▸ INSTRUCTIONS TO FOLLOW: From the material below, return exactly the lines starting at the one that holds "Κατά τη διάρκεια" and ending at the one that holds "Discovering The Dunham School In Lebanon, PA". Pictures stay out of the answer.

▸ RECORDS SHOWN:
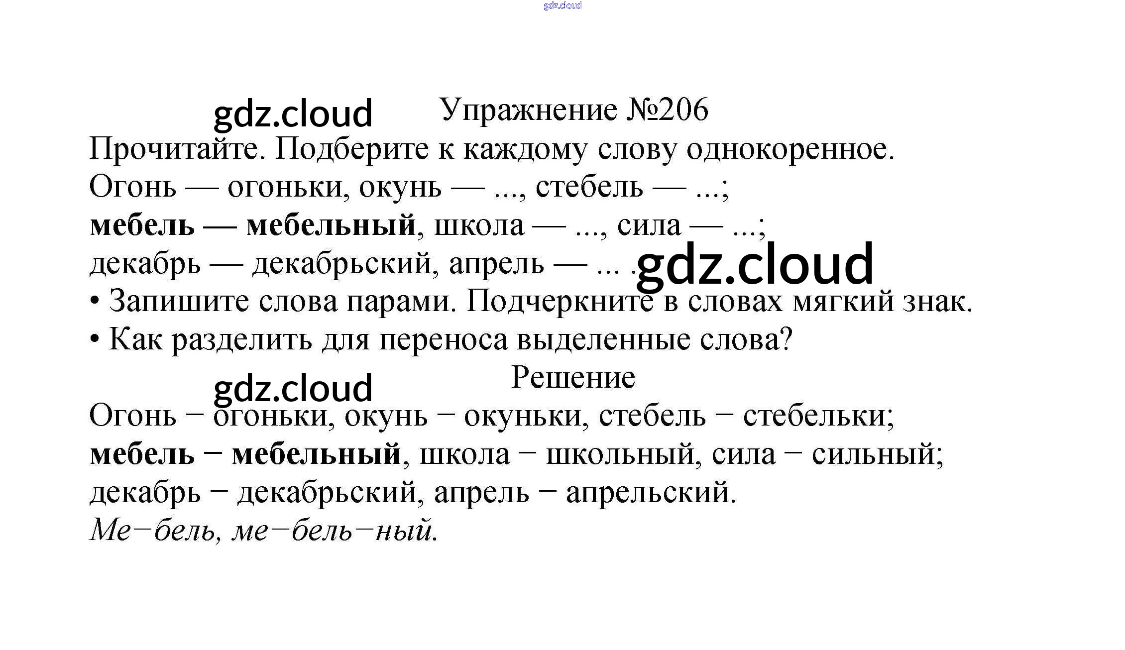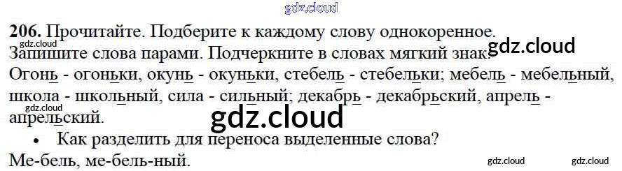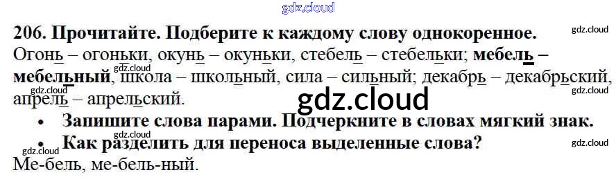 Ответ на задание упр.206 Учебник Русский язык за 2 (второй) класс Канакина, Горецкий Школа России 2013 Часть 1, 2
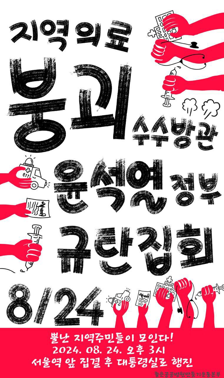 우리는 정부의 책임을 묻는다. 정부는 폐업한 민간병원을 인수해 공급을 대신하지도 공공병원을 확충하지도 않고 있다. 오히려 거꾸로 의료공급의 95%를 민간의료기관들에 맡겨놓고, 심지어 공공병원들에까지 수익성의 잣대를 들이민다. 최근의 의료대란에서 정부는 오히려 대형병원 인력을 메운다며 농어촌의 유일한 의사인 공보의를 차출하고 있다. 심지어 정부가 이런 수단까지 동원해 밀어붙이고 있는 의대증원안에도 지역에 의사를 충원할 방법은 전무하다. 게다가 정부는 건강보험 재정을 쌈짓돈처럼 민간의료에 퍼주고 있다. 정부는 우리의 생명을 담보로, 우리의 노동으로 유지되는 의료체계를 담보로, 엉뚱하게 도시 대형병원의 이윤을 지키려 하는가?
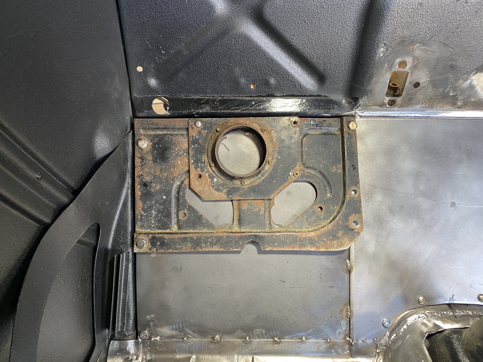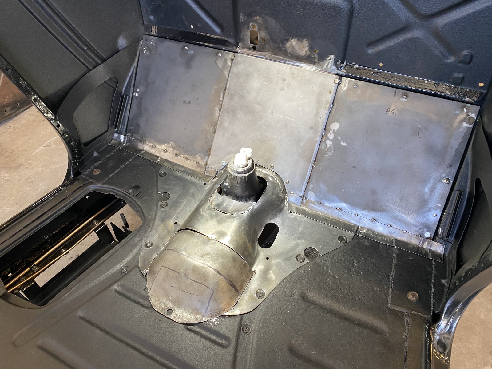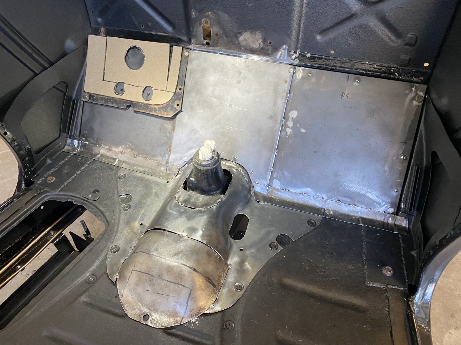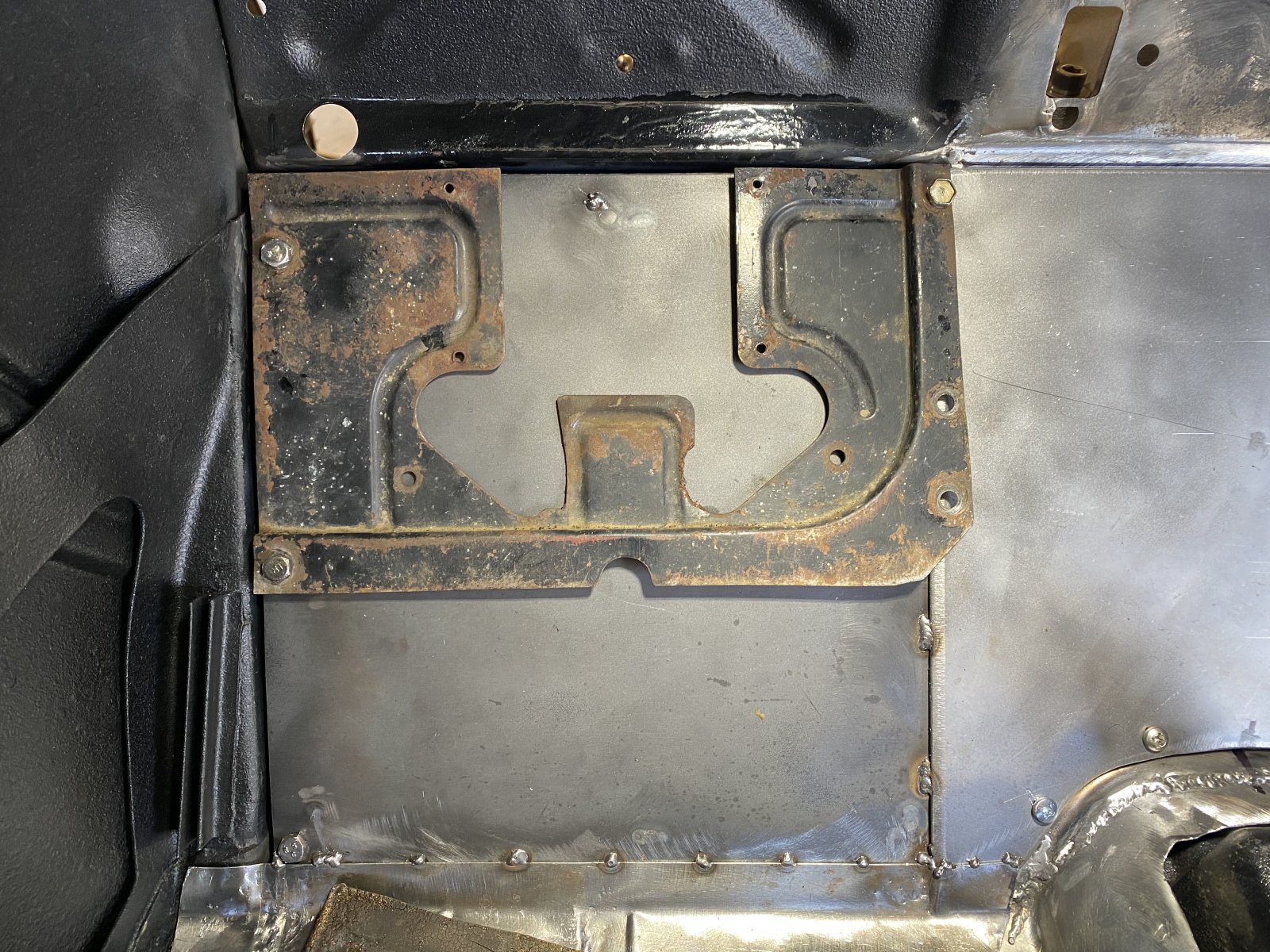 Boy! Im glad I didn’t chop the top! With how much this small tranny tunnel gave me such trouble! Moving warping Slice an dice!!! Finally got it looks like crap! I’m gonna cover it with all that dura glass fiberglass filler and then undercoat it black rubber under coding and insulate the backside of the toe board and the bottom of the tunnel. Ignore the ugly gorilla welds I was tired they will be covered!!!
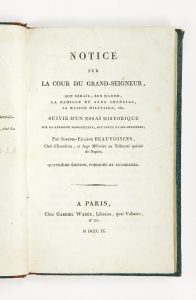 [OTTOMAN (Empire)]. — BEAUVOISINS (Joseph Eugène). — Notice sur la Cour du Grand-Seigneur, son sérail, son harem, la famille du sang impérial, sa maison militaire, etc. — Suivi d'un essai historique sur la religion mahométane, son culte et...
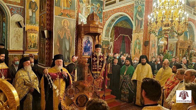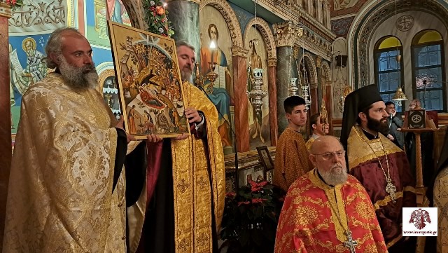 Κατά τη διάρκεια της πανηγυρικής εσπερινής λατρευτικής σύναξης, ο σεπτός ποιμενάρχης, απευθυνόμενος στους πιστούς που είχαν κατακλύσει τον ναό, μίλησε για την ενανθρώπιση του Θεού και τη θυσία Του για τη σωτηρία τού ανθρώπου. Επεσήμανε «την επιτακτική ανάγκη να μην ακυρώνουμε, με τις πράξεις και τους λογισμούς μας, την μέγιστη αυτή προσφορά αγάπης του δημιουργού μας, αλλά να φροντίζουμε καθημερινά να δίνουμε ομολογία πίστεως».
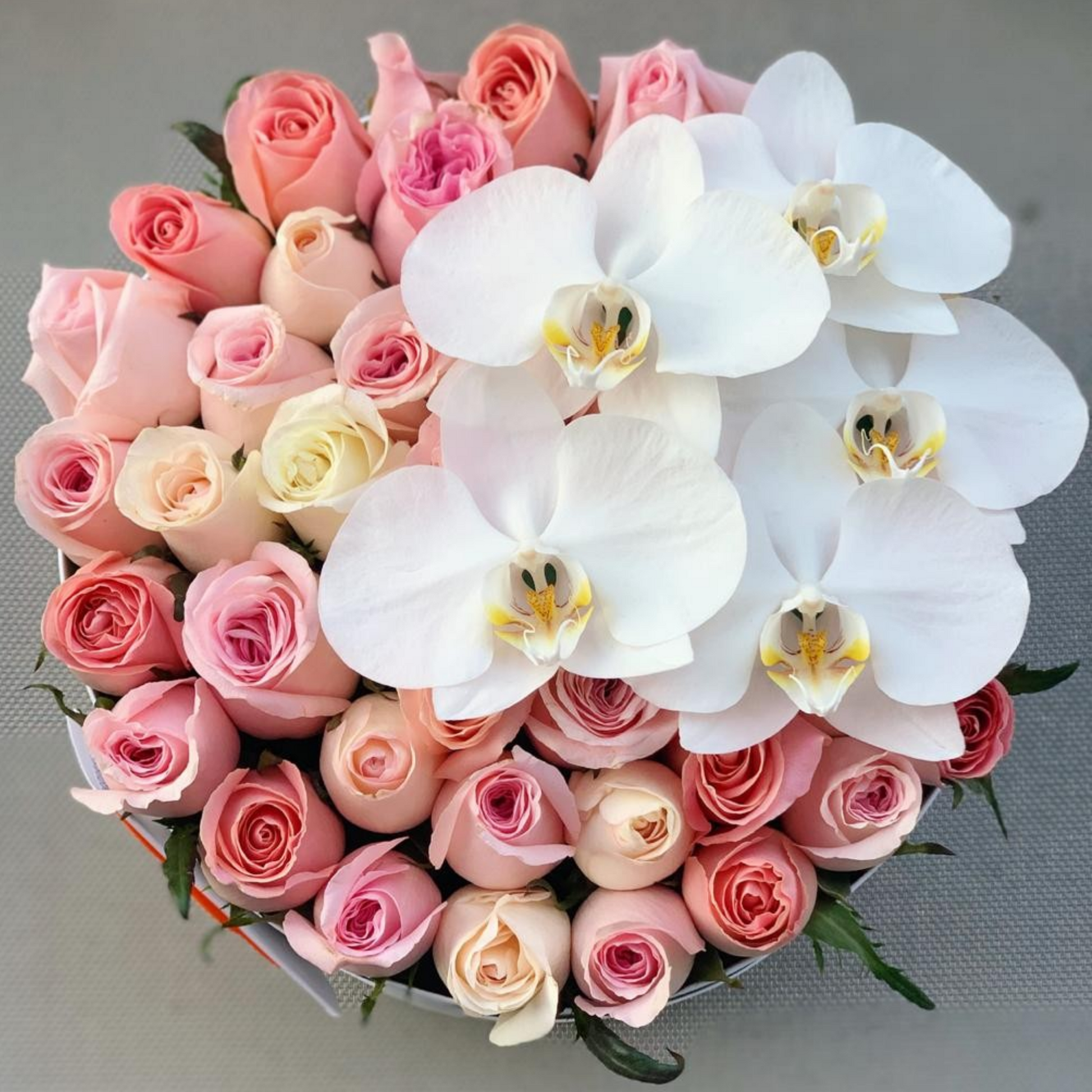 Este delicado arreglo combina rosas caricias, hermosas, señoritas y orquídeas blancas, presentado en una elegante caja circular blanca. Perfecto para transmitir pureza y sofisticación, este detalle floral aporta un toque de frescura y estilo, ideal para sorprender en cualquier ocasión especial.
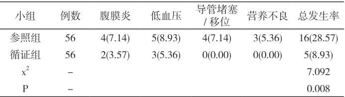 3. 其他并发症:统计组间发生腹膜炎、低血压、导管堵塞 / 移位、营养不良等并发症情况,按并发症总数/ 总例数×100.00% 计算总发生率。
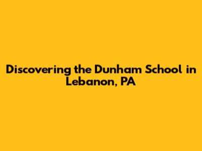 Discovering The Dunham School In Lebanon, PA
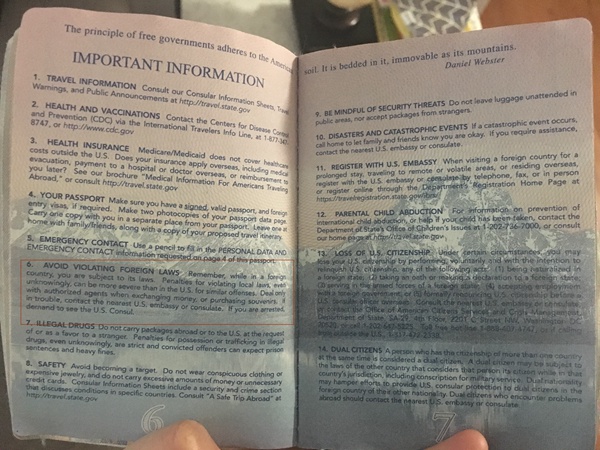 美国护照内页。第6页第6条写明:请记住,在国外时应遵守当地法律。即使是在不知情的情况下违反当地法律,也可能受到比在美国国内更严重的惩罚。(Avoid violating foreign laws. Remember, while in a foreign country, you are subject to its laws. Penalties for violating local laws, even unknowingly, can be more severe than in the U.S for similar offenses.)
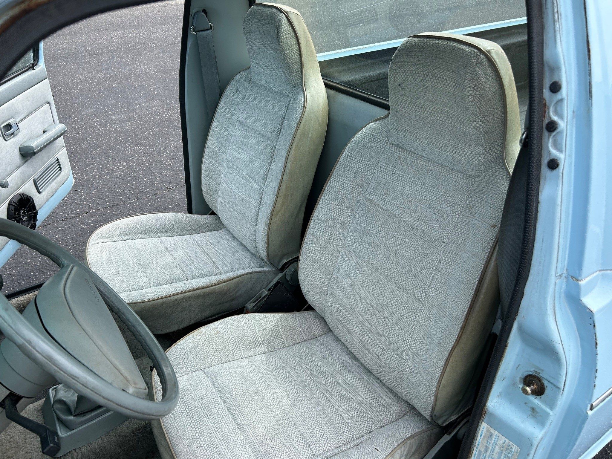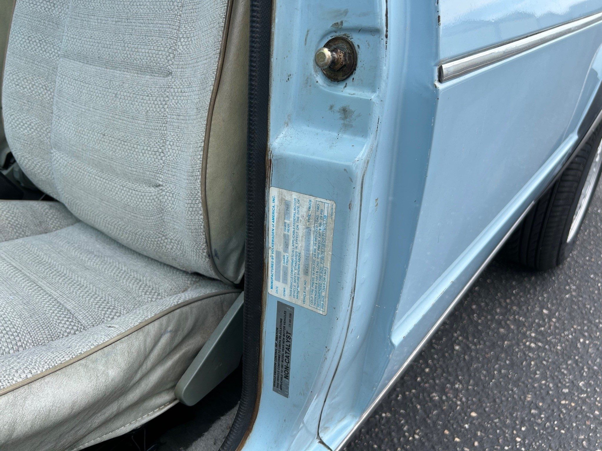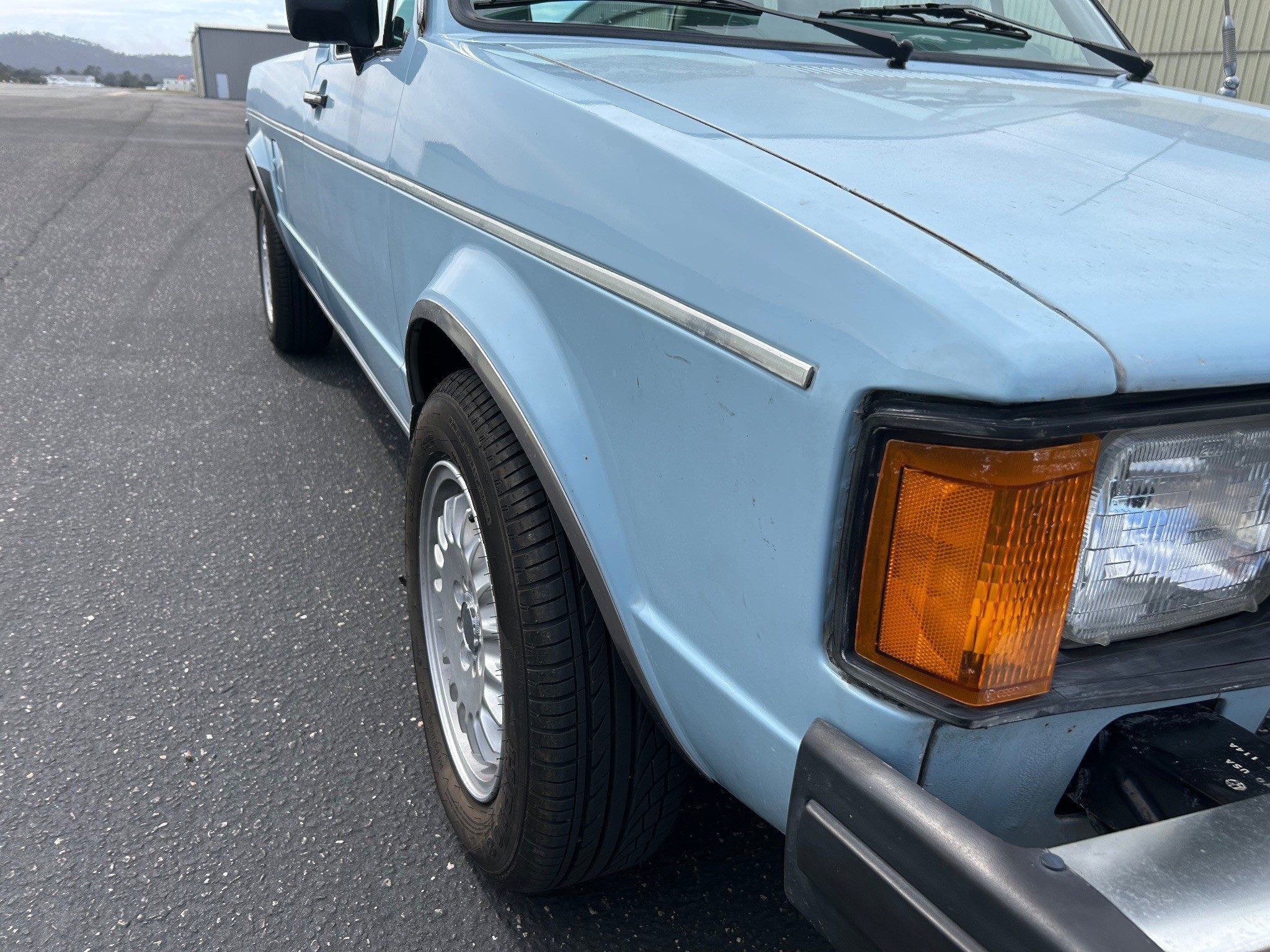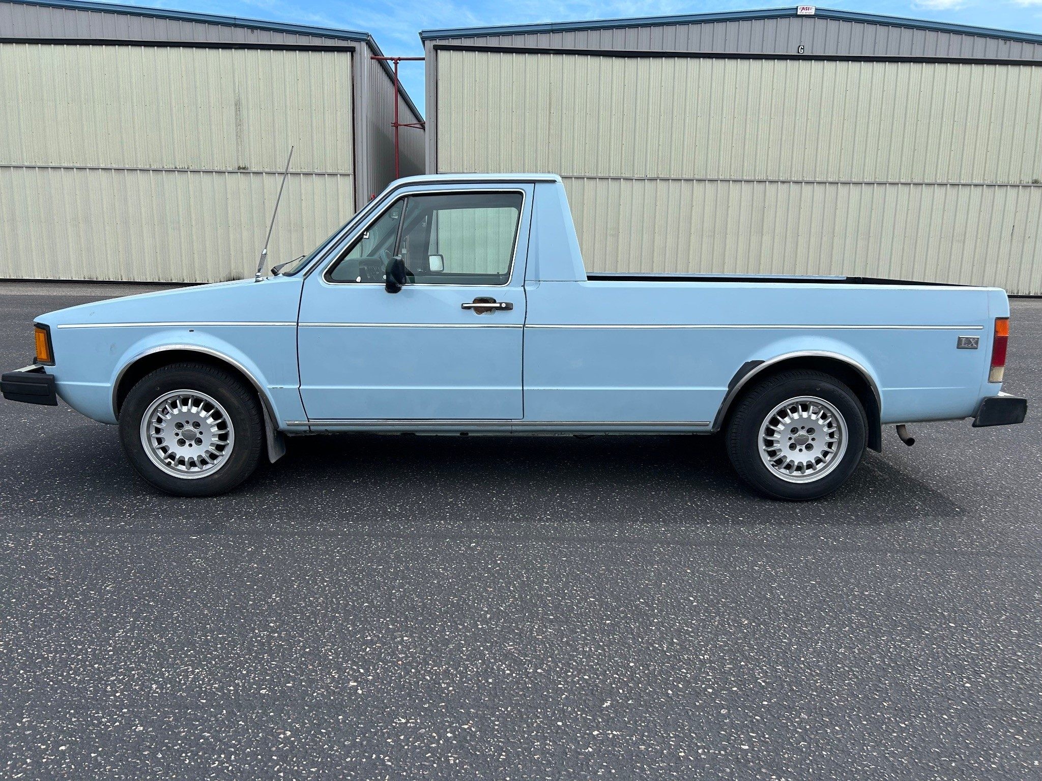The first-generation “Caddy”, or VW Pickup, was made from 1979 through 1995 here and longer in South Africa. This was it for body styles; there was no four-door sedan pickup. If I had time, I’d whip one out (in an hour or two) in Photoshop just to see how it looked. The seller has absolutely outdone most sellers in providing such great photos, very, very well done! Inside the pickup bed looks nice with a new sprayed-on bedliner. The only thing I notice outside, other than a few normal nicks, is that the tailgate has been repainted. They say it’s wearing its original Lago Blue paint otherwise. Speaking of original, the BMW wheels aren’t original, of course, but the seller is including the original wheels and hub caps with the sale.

▸ ANSWER SPACE:
 Κατά τη διάρκεια της πανηγυρικής εσπερινής λατρευτικής σύναξης, ο σεπτός ποιμενάρχης, απευθυνόμενος στους πιστούς που είχαν κατακλύσει τον ναό, μίλησε για την ενανθρώπιση του Θεού και τη θυσία Του για τη σωτηρία τού ανθρώπου. Επεσήμανε «την επιτακτική ανάγκη να μην ακυρώνουμε, με τις πράξεις και τους λογισμούς μας, την μέγιστη αυτή προσφορά αγάπης του δημιουργού μας, αλλά να φροντίζουμε καθημερινά να δίνουμε ομολογία πίστεως».
 Este delicado arreglo combina rosas caricias, hermosas, señoritas y orquídeas blancas, presentado en una elegante caja circular blanca. Perfecto para transmitir pureza y sofisticación, este detalle floral aporta un toque de frescura y estilo, ideal para sorprender en cualquier ocasión especial.
 3. 其他并发症:统计组间发生腹膜炎、低血压、导管堵塞 / 移位、营养不良等并发症情况,按并发症总数/ 总例数×100.00% 计算总发生率。
 Discovering The Dunham School In Lebanon, PA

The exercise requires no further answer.